The average total brain uptake obtained in this study (4.1±0.8%) is in close agreement with the value of 4% reported by Kauppinen et al. [10].

We determined the optimum scanning time period for a single-scan protocol to be 200–260 min p.i. This is similar to what has been reported by other groups, i.e. 210 min p.i. [36] and 180–360 min p.i. [15], although one group chose an earlier time period, 150–210 min p.i. [14], which, according to our data, might lead to biased results.

The maximum occupancy of SERT by citalopram estimated here (E max=84%) is close to the value of 80% reported for SERT occupancy by clinical doses of citalopram in an [11C]DASB PET study [37].

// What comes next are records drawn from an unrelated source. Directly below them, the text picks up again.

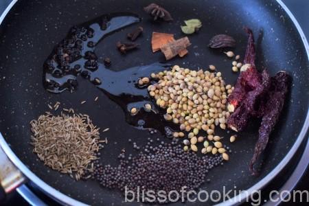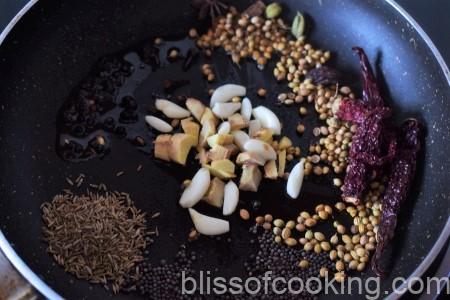 - Heat oil in a pan; add all the ingredients till Kashmiri red chilli’s (under masala paste / watan ingredients section.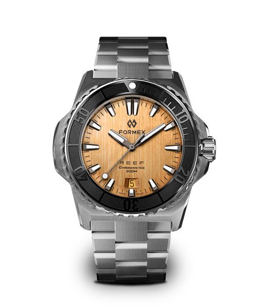Švýcarské potápěčské hodinky Formex Reef 39,5 Automatic Chronometer Bronze Dial 2201.1.6382.100 na první pohled zaujmou výrazným bronzovým číselníkem a jasně rozpoznatelným pouzdrem. Jsou moderní podobou potápěčských hodinek vhodných pro jakoukoliv příležitost, které se vyznačují jednoduchými liniemi, vysokou odolností a skvělou přehledností.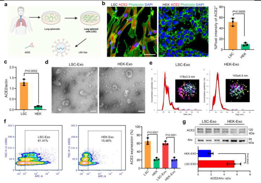 Figure 1 : A. Demonstrating extraction scheme of LSC and LSC-Exo from healthy donors, created with Biorender.com. B. Demonstrating immunofluorescence staining and quantification analysis of ACE-2 on LSC and HEK. Scale bar: 50 μm. n = 3. C. Demonstrating Western blot quantification of ACE-2 expression in LSC and HEK, which derived from the same experiments and processed in parallel. n = 3. D. Demonstrating representative TEM images of LSC-Exo and HEK-Exo from 3 independent experiments. Scale bar: 100 μm. E. Demonstrating measurements of size distribution of LSC-Exo and HEK-Exo via nanoparticle tracking analysis. Inset: 3-colar dSTORM image of CD63-Alexa Fluor®-488, PE-CD9, APC-CD81 of LSC-Exo or HEK-Exo. F. Demonstrating quantification of ACE-2 expression on LSC-Exo and HEK-Exo by flow cytometry. n = 3 [7].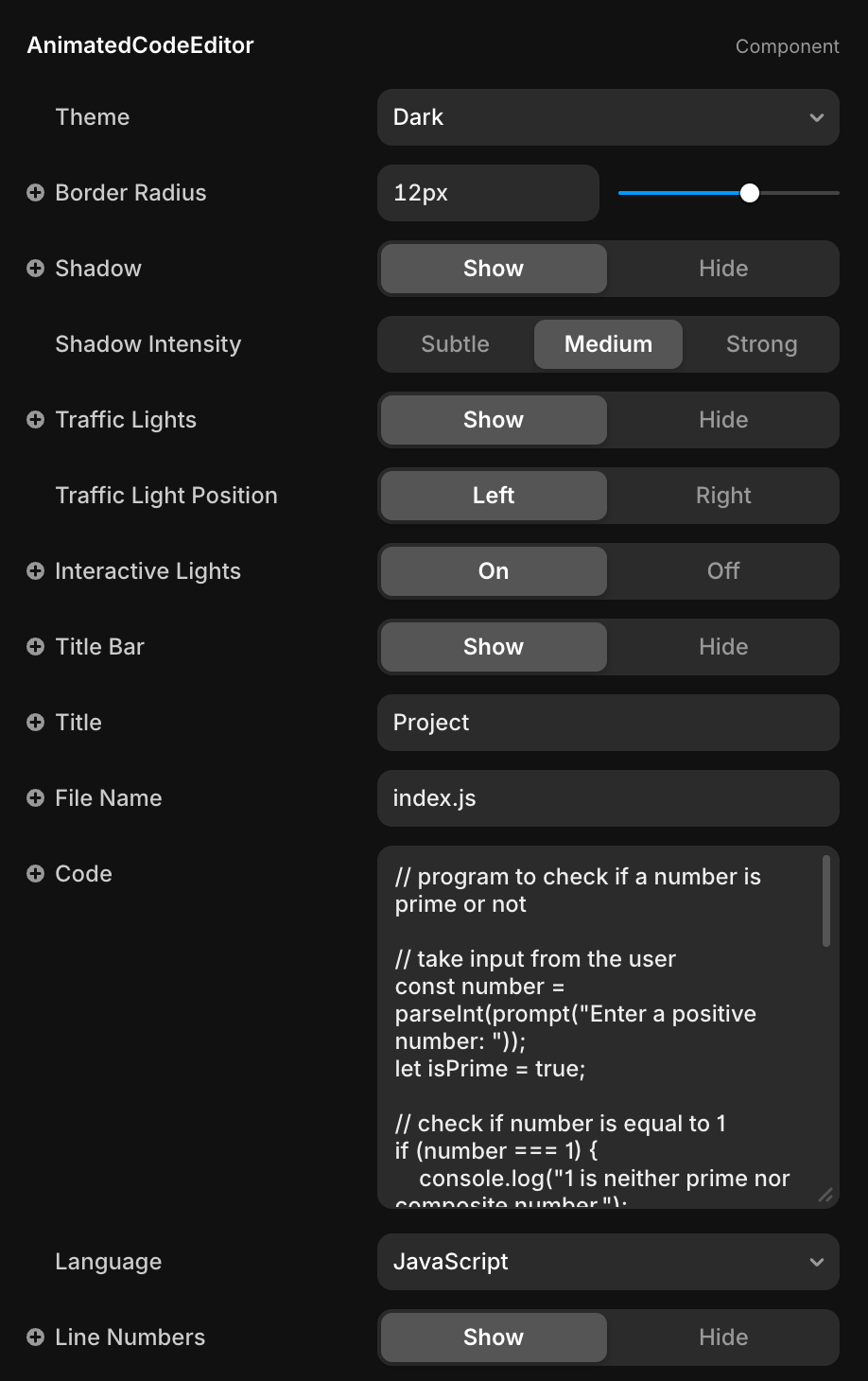 Bring your code to life with Animated Code Editor, a beautifully crafted component that recreates the look and feel of modern IDEs like VS Code—right inside Framer. Featuring smooth typing animations, professional syntax highlighting, and authentic MacOS window styling, it turns static snippets into engaging visual experiences.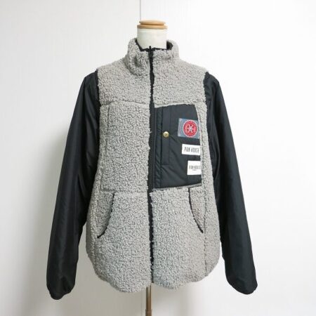 リバーシブル仕様のピンクハウスのブルゾン。出張買取にて買取しました。落ち着いたグレーと黒の色合い、メンズアイテムのようなシャープさがレアなピンクハウスのアウターです。可愛らしいアイテムが多いピンクハウスのお洋服とも積極的に使っていただけるのではないかと思います。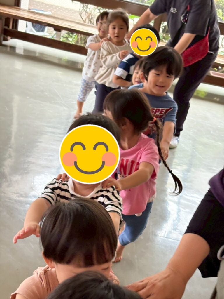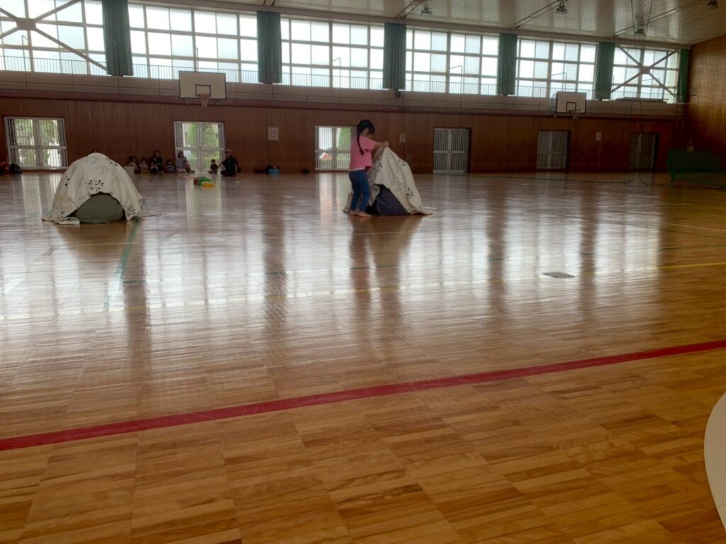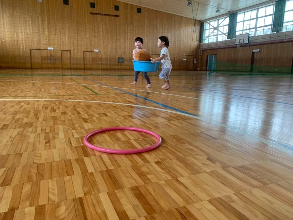 今日は体育館で活動です。タライで人形運びでは友達と協力して上手に運べたよ!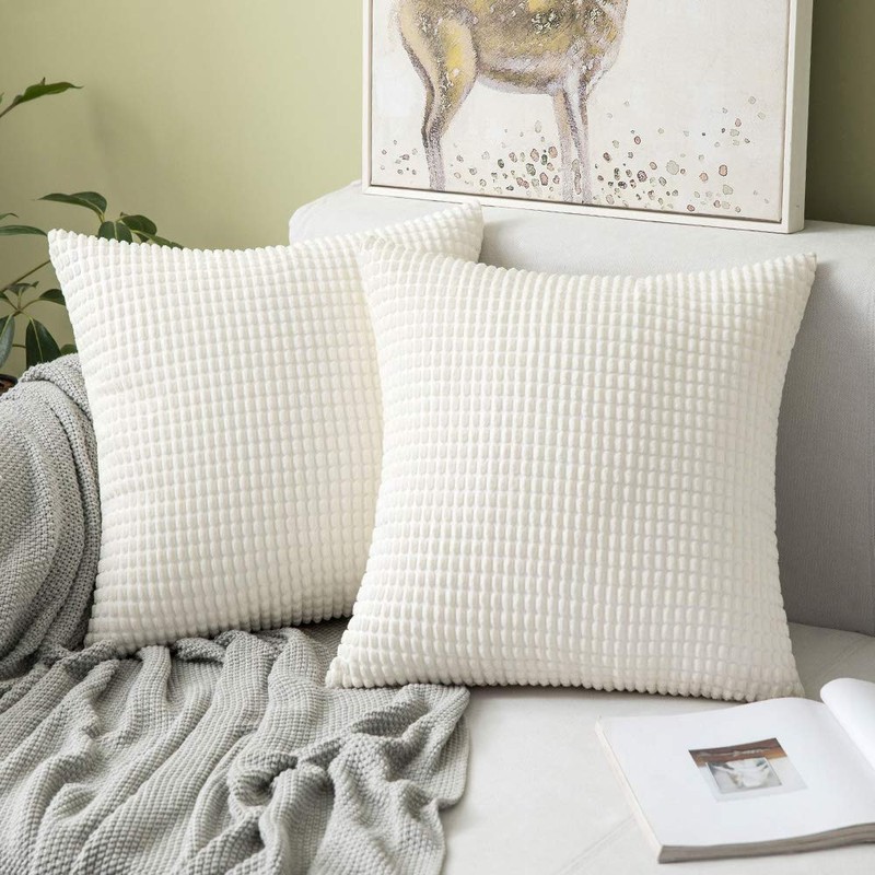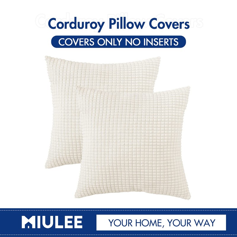 MIULEE Pack of 2, Corduroy Soft Soild Decorative Square Throw Pillow Covers Set Cushion Case for Sofa Bedroom Car 18 x 18 inch 45 x 45 cm Cream White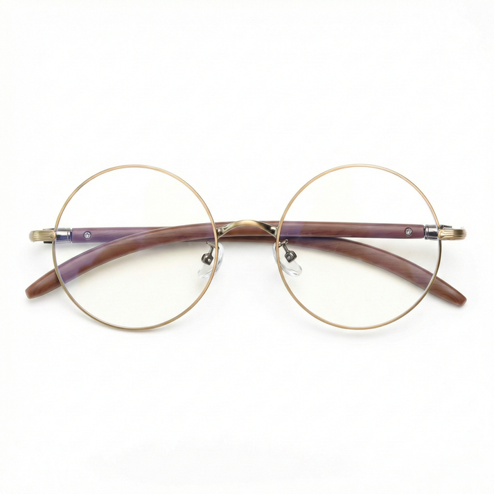 - Gold wire frame: Slim metal rims keep round glasses light, clean, and photo-ready.
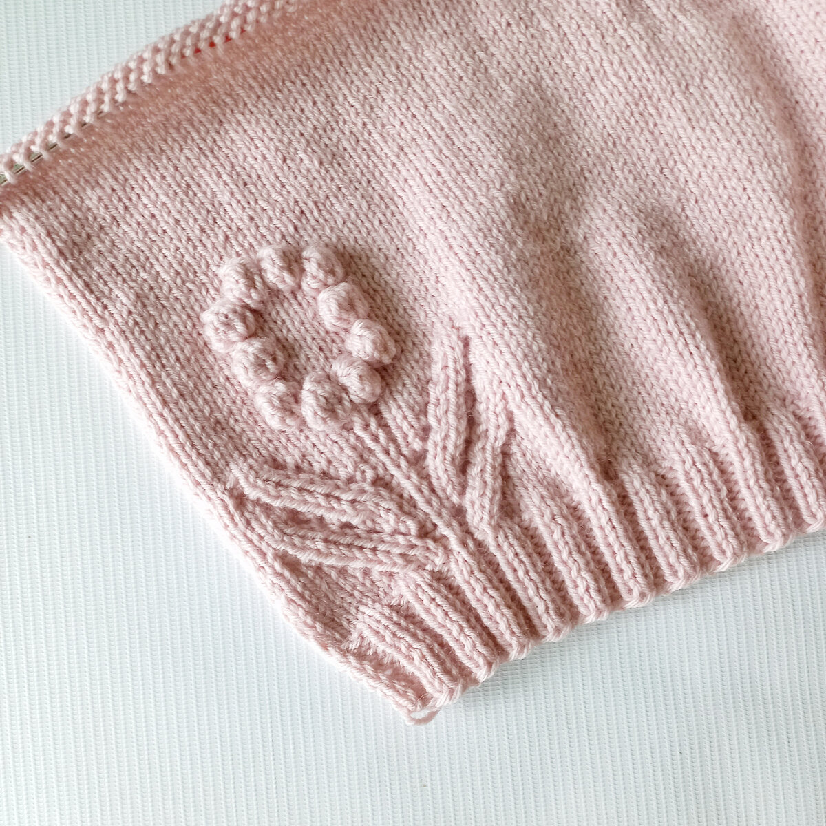 Пока я довязываю кофту, хочу с вами поделится схемой цвета. Его можно связать на лицевой глади и он отчетливо будет виден. Очень часто подобные цветы предлагают вязать на изнаночной глади. Но так как я не любитель этим петелек не лицевой стороне, я придумала выход)))) Нарисовала схему, где выделила листья с помощью изнаночных петелек. А стебель связала вытянутой лицевой. Можно применить и скрещенную)). Вытянутая лицевая провязывается не в петлю на спице, а в петельку на ряд ниже. Накиды вяжем, с изнанки, изнаночной петлей. При вязании по кругу - лицевой. 2 петли вместе с наклоном вправо - вяжем за переднюю стенки петелек. 2 петли вместе с наклоном влево - за заднюю стенки. Шишечка - 1 петлю вяжу из протяжки, 3 петли ( лицевая/накид /лицевая) и с самой петли, затем 1 петлю из протяжки. Всего 5 петелек - это первый ряд. 2 р - 1 кромочная, 4 изнаночных. 3 ряд - 1 кромочная, 4 лицевых. 4 ряд - 1 кромочная, 4 изнаночных. В 5 ряду 3 петли снимаем, следующие 2 провязываем вместе и накидыва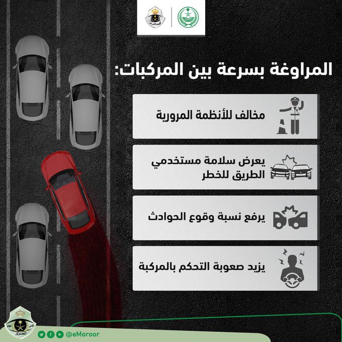 السيارات – طالب المرور السعودي سائقي السيارات الخاصة والمركبات بصورة عامة بضرورة الابتعاد عن المراوغة بسرعة بين المركبات والالتزام بتنظيمات السير على الطرق، وأكد أن المراوغة بين المركبات بسرعة لها آثار سلبية تشمل :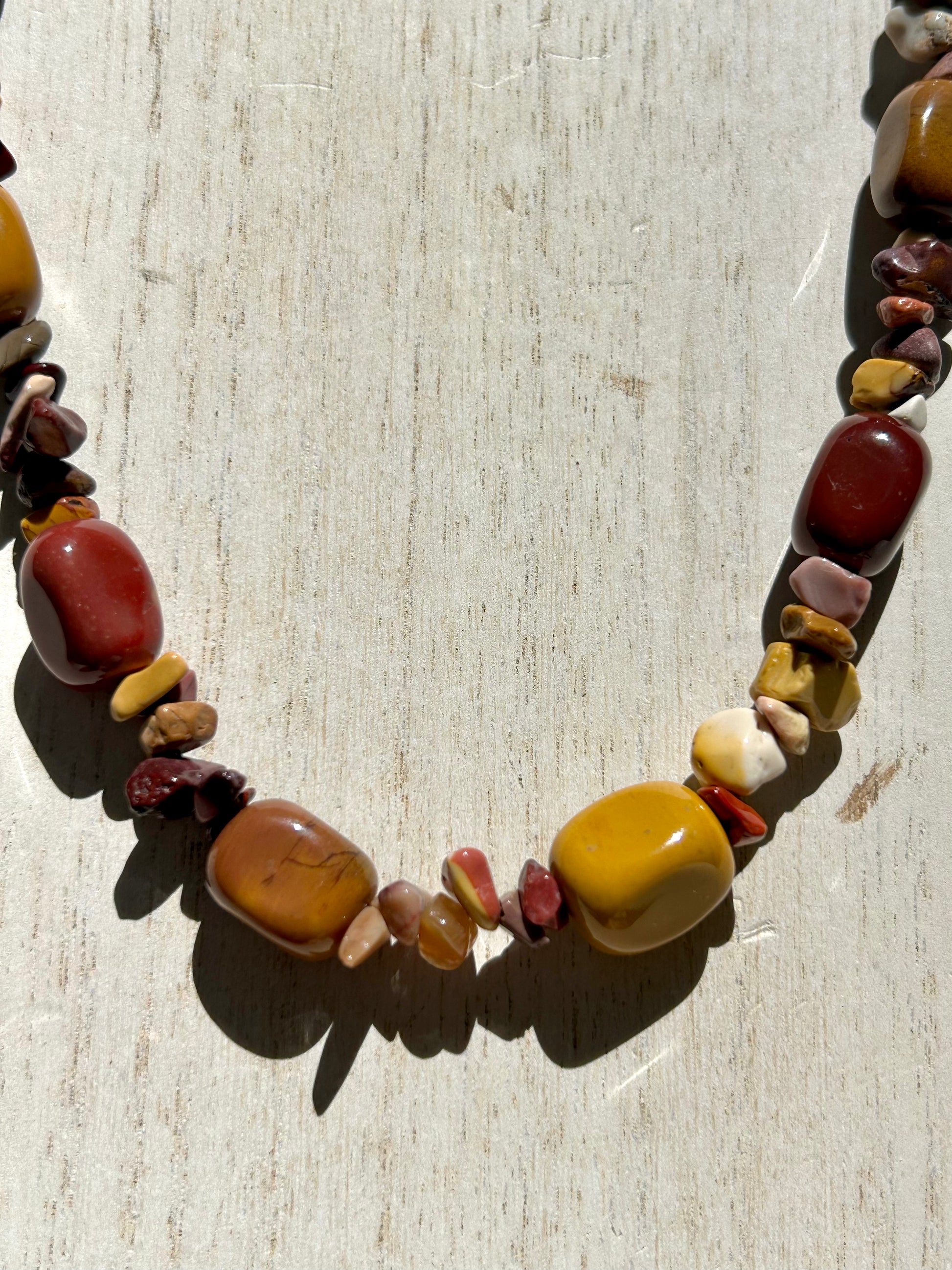 Beaded necklace with Mookaite Jasper gemstone pebbles & chips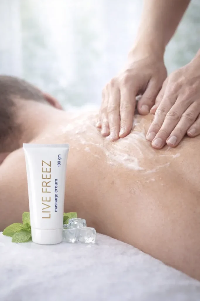 LIVE FREEZ Massage Cream is a topical massage cream formulated to provide a cooling effect with analgesic and anti-inflammatory effects, helping to relieve muscle discomfort and support relaxation during massage.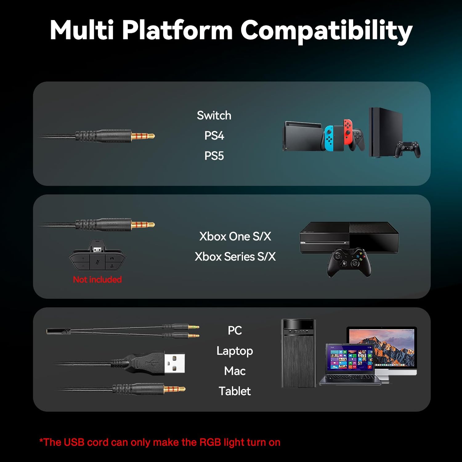 【Multi-platform Compatible】 Gaming headset with microphone for PC, PS4, PS5, Xbox One Series X/S (older version requires adapter), Nintendo 3DS, Switch, Laptop, PSP, Tablet, iPad, Computer, Mobile Phone, 3.5mm jack device.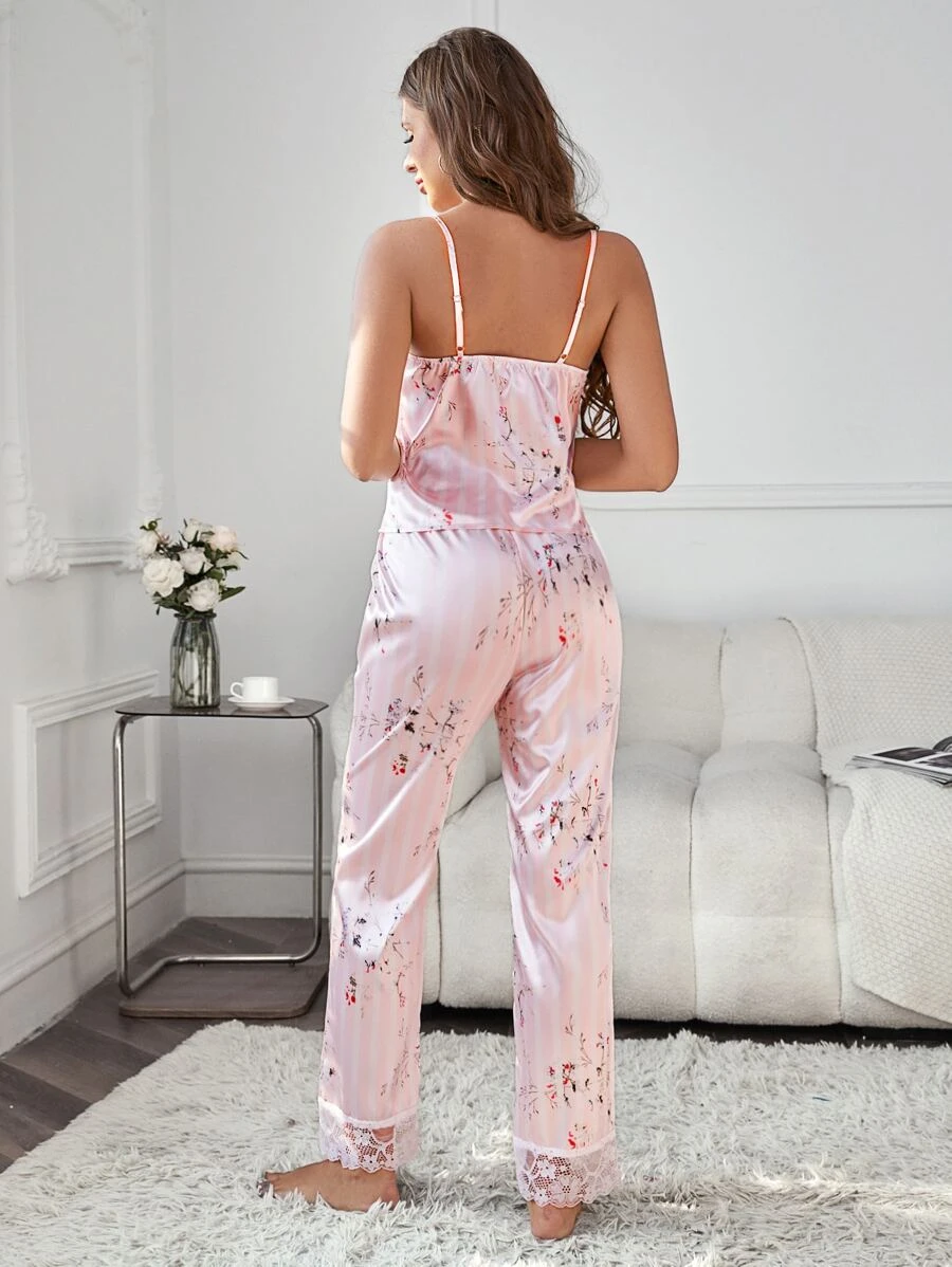 เซ็ต ชุดนอน ลายทางแนวตั้ง & พิมพ์ลาย ดอกไม้ ขอบลูกไม้ ผ้าซาติน bb-58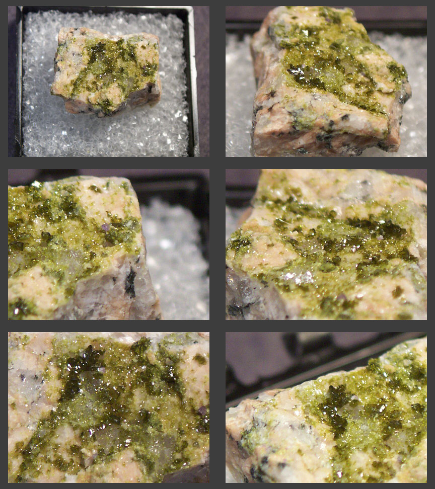 This beautiful miniature of green siderite, quartz, and marcasite is deaccessioned from the collection of Neil Prenn - it dates back to the 70s and is from the Morro Velho Mine in Nova Lima, Minas Gerais, Brazil. The larger image (bottom row, right) shows some millimeter-sized pyrrhotite crystals. Thanks to C. Jones' (Geoprime Minerals) auction on eBay for the specimen and the image! | |

Our main concern regarding the present results is the large variability in the calculated occupancy values and the poor agreement with the E max model. Several clinical studies using [123I]ADAM have reported negative findings (no difference between patient and control groups), which have been attributed to large inter-subject variability in tracer binding [3841]. Inter-subject variability could be related to age [42] or genetic factors [43]. In this study each subject was used as his own control; therefore the calculated occupancy values should not be influenced by inter-subject variability in tracer binding, but would be affected by intra-subject (test–retest) variability. Catafau et al. [15] reported a test–retest variability of 25–37% for [123I]ADAM binding in midbrain in humans. This could explain the variability in our results, but it does not agree with the test–retest value of ∼5% obtained in non-human primate studies with [123I]ADAM [17]. A possible explanation for the discrepancy, and also for the above-mentioned large inter-subject variability in [123I]ADAM binding, could be the presence of variable amounts of labelled lipophilic metabolites. Estimation of tracer binding can be seriously compromised by lipophilic metabolites crossing the blood–brain barrier (BBB) [44, 45]. Highly variable metabolism was reported in a non-human primate study, although the labelled metabolites were not lipophilic and should therefore not cross the BBB [17]. However, in a study with [123I]ADAM in humans, a labelled lipophilic metabolite was detected in two out of six subjects [18]. Clarification of this issue will be important for future studies with this tracer.

Conclusion

Quantitative binding estimates of [123I]ADAM can be obtained using the ratio method with static data from a single scan at 200–260 min p.i. Parametric images of [123I]ADAM can be obtained by voxel-based multi-linear regression analysis of dynamic data. The estimated SSRI occupancy of SERT versus plasma drug concentration curves showed a high degree of variability, which could make this tracer less useful for studies where a detailed dose-response assessment is critical, although it might still be used to assess whether putative SSRIs achieve maximal occupancy at therapeutic doses.